▶ **Task instructions**:
The answer must consist solely of the lines from the line with "Пропонуємо вам розв'язати" to the end of the data below, transcribed exactly and with no pictures.

▶ **Data extract**:

* * * * * * *

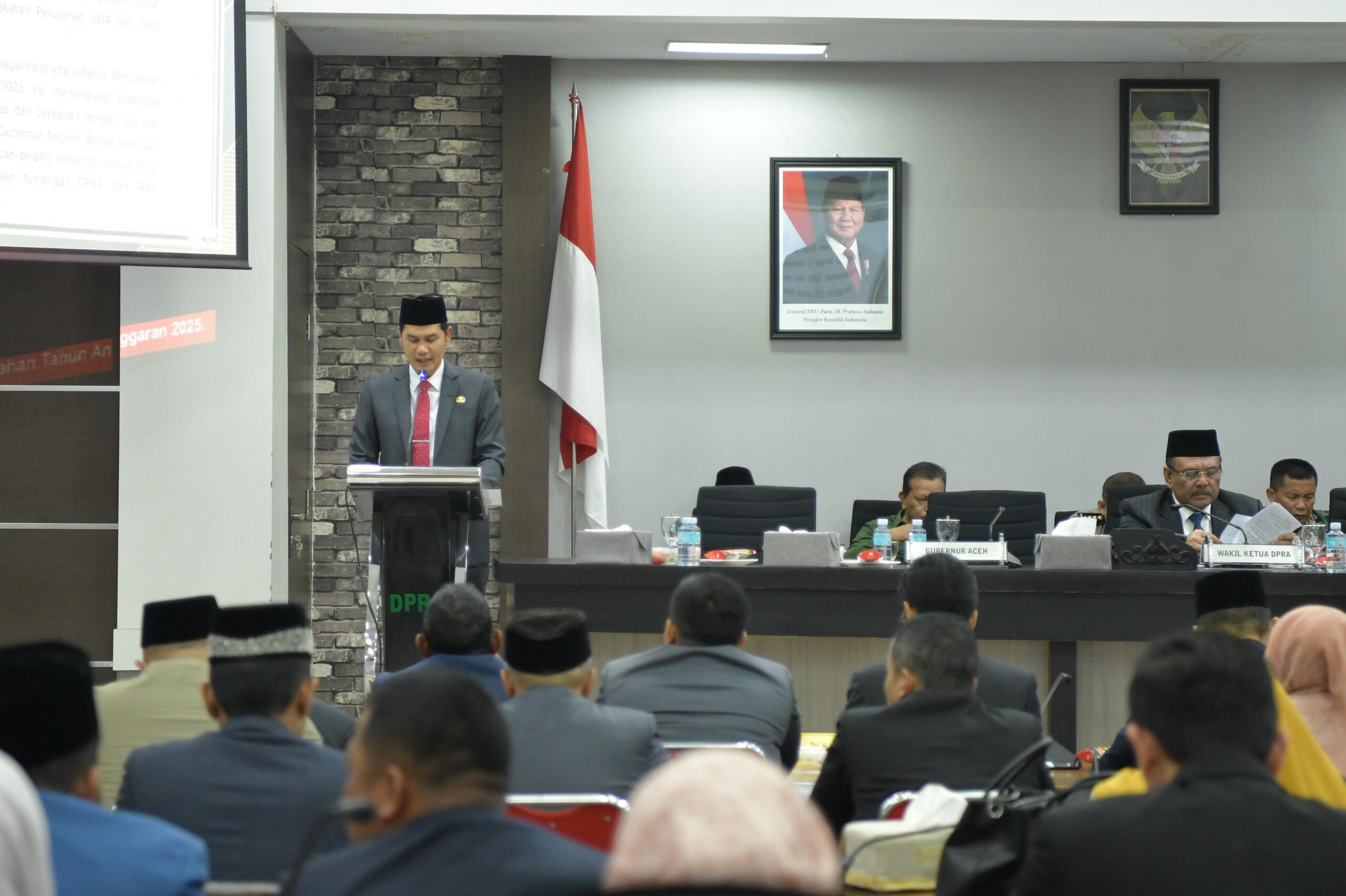 Rapat paripurna dipimpin langsung oleh Wakil Ketua DPRA, H. Ali Basrah, S.Pd., MM, didampingi unsur pimpinan dewan lainnya. Hadir pula para anggota DPRA dari berbagai komisi dan fraksi, unsur Forum Komunikasi Pimpinan Daerah (Forkopimda), tokoh masyarakat, para akademisi, serta mitra kerja eksekutif dan legislatif yang menjadi bagian penting dalam penyusunan serta pengawasan pembangunan daerah.
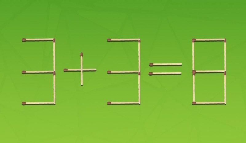 Пропонуємо вам розв'язати математичну головоломку. На малюнку ви бачите неправильну рівність, складену із 21 сірника: 3 + 3 = 8. Вам потрібно виправити її, пересунувши лише два сірники в інше місце за 10 секунд.
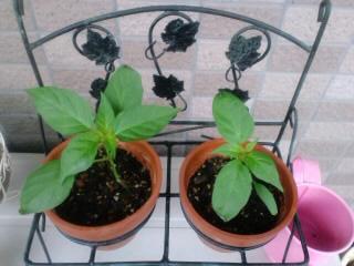 雑草説がささやかれていた、(←自分発信だけど…)我が家のトウガラシちゃんですがどんどん大きくなって二つとも同じように成長してきたので、もうトウガラシでほぼ間違いないかと思われます。だいぶ窮屈そうになってきたのでやっと植え替えしました。ちゃんと実がなってくれるかな~楽しみだな~そして…それに引きかえこちらのアスパラとバジルはとっても心配。(前の日記に書いたローソンでやったやつです。)水に漬けてから2週間がたちましたが…アスパラのほうは、か弱そうだけどちゃんと芽がでてきたのですが、バジルは未だにシーンとしたまま…。ちゃんと種入ってるのかな…?アスパラは発芽まで約15日とあったから順調なんだろうけどバジルは発芽まで1週間ぐらいって書いてあったのにな~。種っぽいものも見えないし心配…。う~ん。でももう少し様子をみてみようかな。雨ふって寒い日も結構多かったからね。もうちょっと信じてみよう!

* * * * * * *

▶ **Response to this exercise**:
 Пропонуємо вам розв'язати математичну головоломку. На малюнку ви бачите неправильну рівність, складену із 21 сірника: 3 + 3 = 8. Вам потрібно виправити її, пересунувши лише два сірники в інше місце за 10 секунд.
 雑草説がささやかれていた、(←自分発信だけど…)我が家のトウガラシちゃんですがどんどん大きくなって二つとも同じように成長してきたので、もうトウガラシでほぼ間違いないかと思われます。だいぶ窮屈そうになってきたのでやっと植え替えしました。ちゃんと実がなってくれるかな~楽しみだな~そして…それに引きかえこちらのアスパラとバジルはとっても心配。(前の日記に書いたローソンでやったやつです。)水に漬けてから2週間がたちましたが…アスパラのほうは、か弱そうだけどちゃんと芽がでてきたのですが、バジルは未だにシーンとしたまま…。ちゃんと種入ってるのかな…?アスパラは発芽まで約15日とあったから順調なんだろうけどバジルは発芽まで1週間ぐらいって書いてあったのにな~。種っぽいものも見えないし心配…。う~ん。でももう少し様子をみてみようかな。雨ふって寒い日も結構多かったからね。もうちょっと信じてみよう!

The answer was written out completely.